Exercise instructions:
Give the data again exactly, without its images.

*** Opening of Excerpted records ***

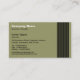 A Business card template with a simple clear dern layout decorated on the right edge with a tif made up of seventeen vertical strait lines which balances the text. The reverse side of the card has the same decorative tif but the text area has been left blank. This can be left as it is to use as a handy area for notes etc or customised with additional text. The decorations can also be cleared or replaced. You can also add additional graphics e.g. a logo. The text and background colours can also be customised. This template is also available in a variety of other colour combinations. Suitable and can be adapted for st businesses.
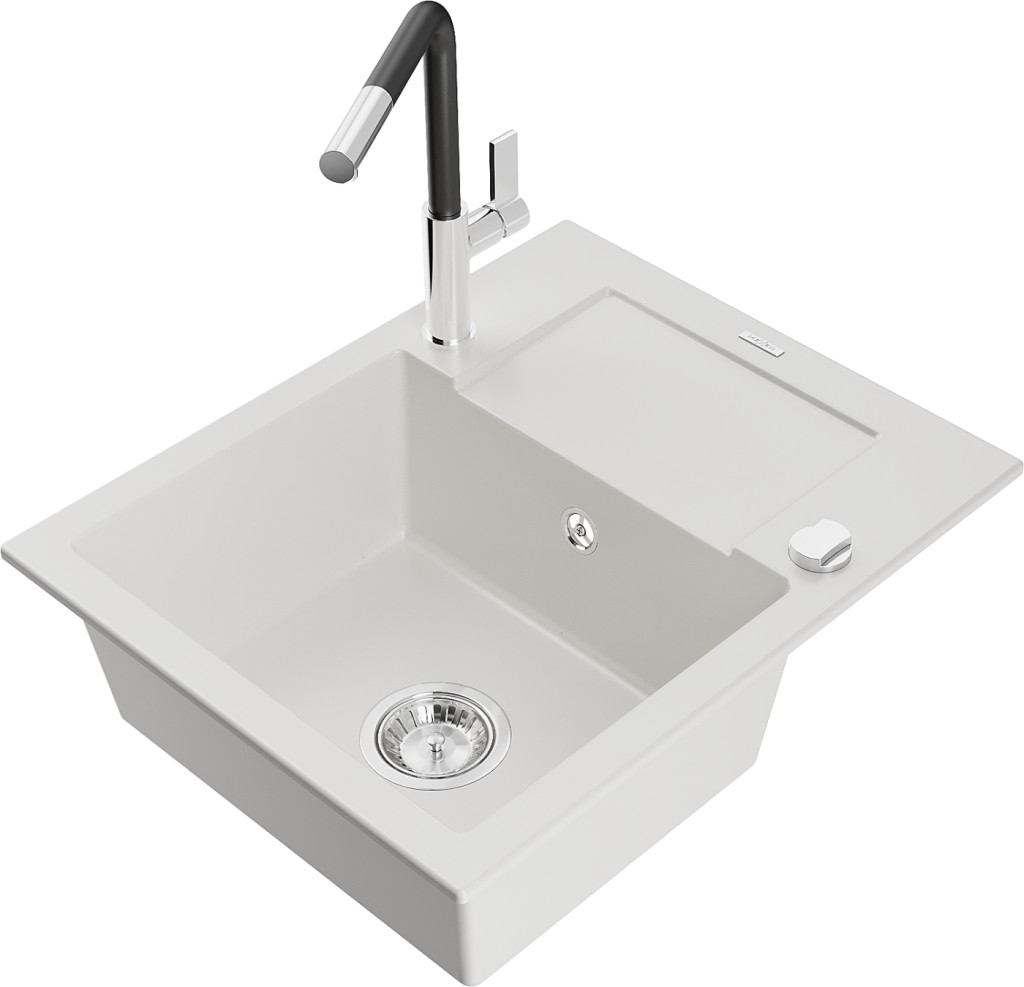 Technické dáta: drez: Rozmer: 576x465x174mm Hĺbka komory: 164 mm Rozmery komory: 395x320 mm Priemer odtoku: ø90 mm Typ: 1-miska s krátkym odkvapkávačom Typ: Zapustené do pracovnej dosky biela farba Povrchová úprava sifónu: Chrome Materiál: žula (80% žulové kamenivo, 20% živice) Prepadový otvor: Áno Otvory: (batérie, automatické) 2 Inštalácia: Univerzálna, je možné inštalovať s odkvapkávačom na ľavú alebo pravú stranu Vysoká odolnosť proti poškriabaniu a zmene farby Odolnosť proti tepelným šokom Ľahko čistiteľný povrch Dva dodatočné vyfrézované otvory na samodierovanie ø35 kuchynská batéria: Materiál: mosadz Farba: chróm/čierna Hlava: Keramická Prevzdušňovač: Áno Typ: Jedna páka Rozsah výtoku: 245 mm Výška batérie: 307 mm(GT) Ean: 5905315058485
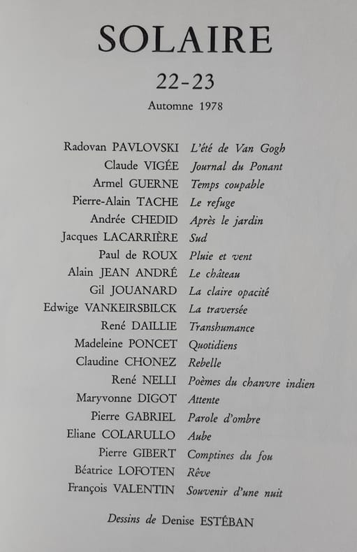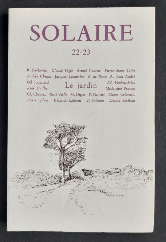 Revue de poésie active de mai 1973 à octobre 1983 en 31 numéros et 22 livraisons, animée par René Daillie, alors attaché culturel à l’Ambassade de France au Caire. «Solaire s’adresse à ceux pour qui la poésie ne saurait être une industrie comme une autre, ni un aspect de la linguistique expérimentale, mais d’abord un rapport de tous les instants avec la vie et l’univers, une raison.»
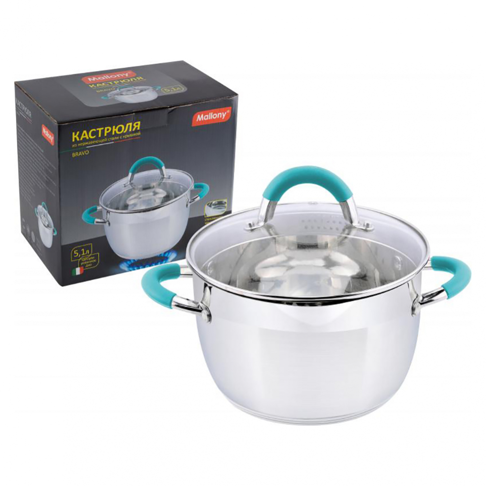 Кастрюля Mallony Bravo со стеклянной крышкой, изготовленная из стали, будет уместна на любой кухне. Оснащена удобной крышкой-дуршлагом, а также удобными ручками с покрытием из силикона.
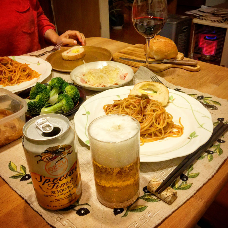 今宵、居酒屋我家開店。週末に開店するのになんで今日かと思ったら、長崎の鯛をとても小さなパックで売っていたからってカルパッチョにしてくれた。流れでトマトとオリーブのパスタ。地元の穴場の超美味しいパン屋さんのベーコンチーズ入りのバゲット。小さいから皮が多くなってバリバリで最高。旬のブロッコリーとCM に釣られた発泡酒、Special Time 美味しい。香る。
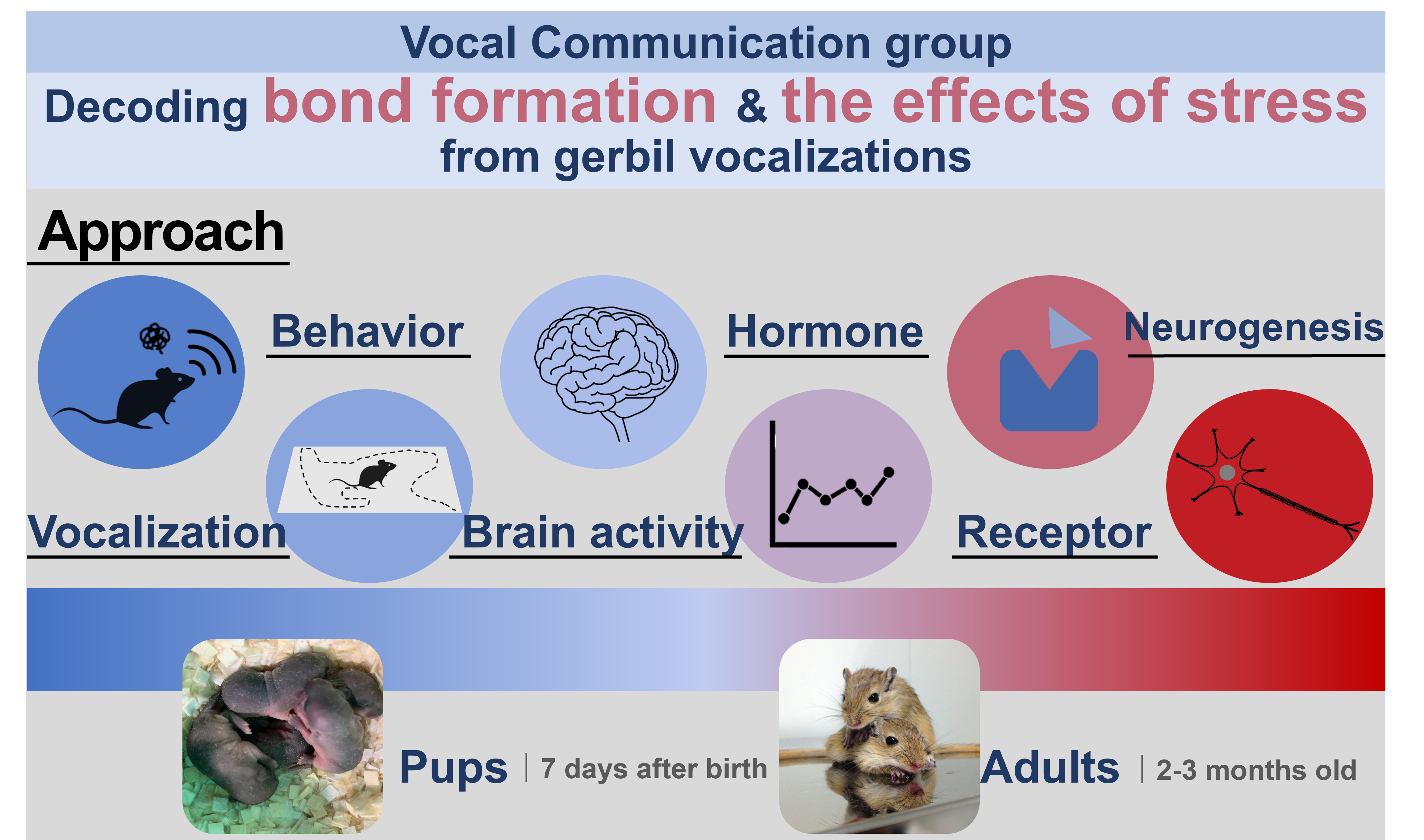 We focus on pups’ care-seeking calls and investigate how MS influences the mother–infant bond. At the adult stage, we examine its impact on the process by which unfamiliar individuals form friendly relationships (approach, huddling, and vocal exchanges).
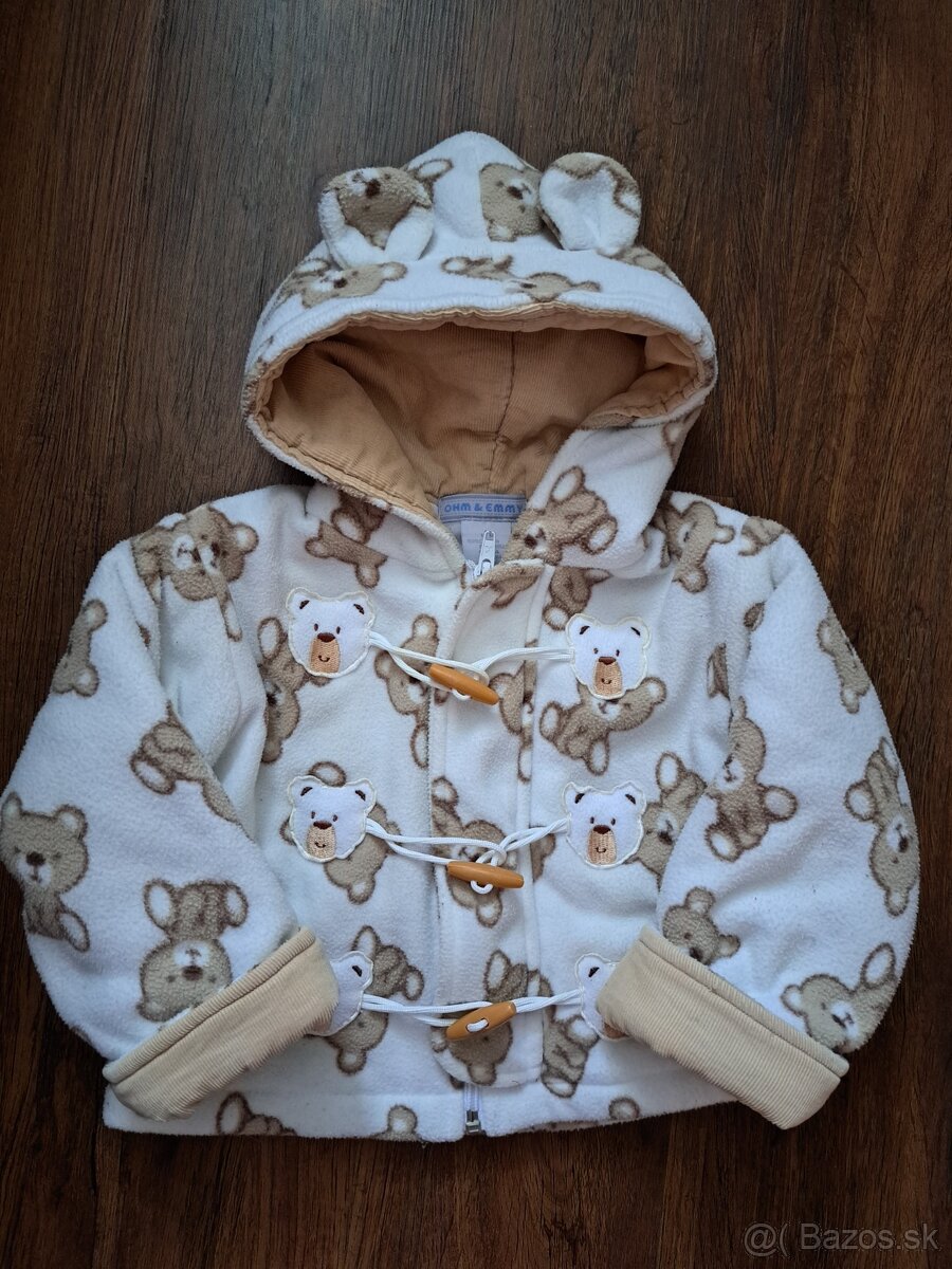 Milá prechodná flaušová bunda s kapucňou s uškami, so zapínaním na zips

*** Close of Excerpted records ***

Your response:
 A Business card template with a simple clear dern layout decorated on the right edge with a tif made up of seventeen vertical strait lines which balances the text. The reverse side of the card has the same decorative tif but the text area has been left blank. This can be left as it is to use as a handy area for notes etc or customised with additional text. The decorations can also be cleared or replaced. You can also add additional graphics e.g. a logo. The text and background colours can also be customised. This template is also available in a variety of other colour combinations. Suitable and can be adapted for st businesses.
 Technické dáta: drez: Rozmer: 576x465x174mm Hĺbka komory: 164 mm Rozmery komory: 395x320 mm Priemer odtoku: ø90 mm Typ: 1-miska s krátkym odkvapkávačom Typ: Zapustené do pracovnej dosky biela farba Povrchová úprava sifónu: Chrome Materiál: žula (80% žulové kamenivo, 20% živice) Prepadový otvor: Áno Otvory: (batérie, automatické) 2 Inštalácia: Univerzálna, je možné inštalovať s odkvapkávačom na ľavú alebo pravú stranu Vysoká odolnosť proti poškriabaniu a zmene farby Odolnosť proti tepelným šokom Ľahko čistiteľný povrch Dva dodatočné vyfrézované otvory na samodierovanie ø35 kuchynská batéria: Materiál: mosadz Farba: chróm/čierna Hlava: Keramická Prevzdušňovač: Áno Typ: Jedna páka Rozsah výtoku: 245 mm Výška batérie: 307 mm(GT) Ean: 5905315058485
 Revue de poésie active de mai 1973 à octobre 1983 en 31 numéros et 22 livraisons, animée par René Daillie, alors attaché culturel à l’Ambassade de France au Caire. «Solaire s’adresse à ceux pour qui la poésie ne saurait être une industrie comme une autre, ni un aspect de la linguistique expérimentale, mais d’abord un rapport de tous les instants avec la vie et l’univers, une raison.»
 Кастрюля Mallony Bravo со стеклянной крышкой, изготовленная из стали, будет уместна на любой кухне. Оснащена удобной крышкой-дуршлагом, а также удобными ручками с покрытием из силикона.
 今宵、居酒屋我家開店。週末に開店するのになんで今日かと思ったら、長崎の鯛をとても小さなパックで売っていたからってカルパッチョにしてくれた。流れでトマトとオリーブのパスタ。地元の穴場の超美味しいパン屋さんのベーコンチーズ入りのバゲット。小さいから皮が多くなってバリバリで最高。旬のブロッコリーとCM に釣られた発泡酒、Special Time 美味しい。香る。
 We focus on pups’ care-seeking calls and investigate how MS influences the mother–infant bond. At the adult stage, we examine its impact on the process by which unfamiliar individuals form friendly relationships (approach, huddling, and vocal exchanges).
 Milá prechodná flaušová bunda s kapucňou s uškami, so zapínaním na zips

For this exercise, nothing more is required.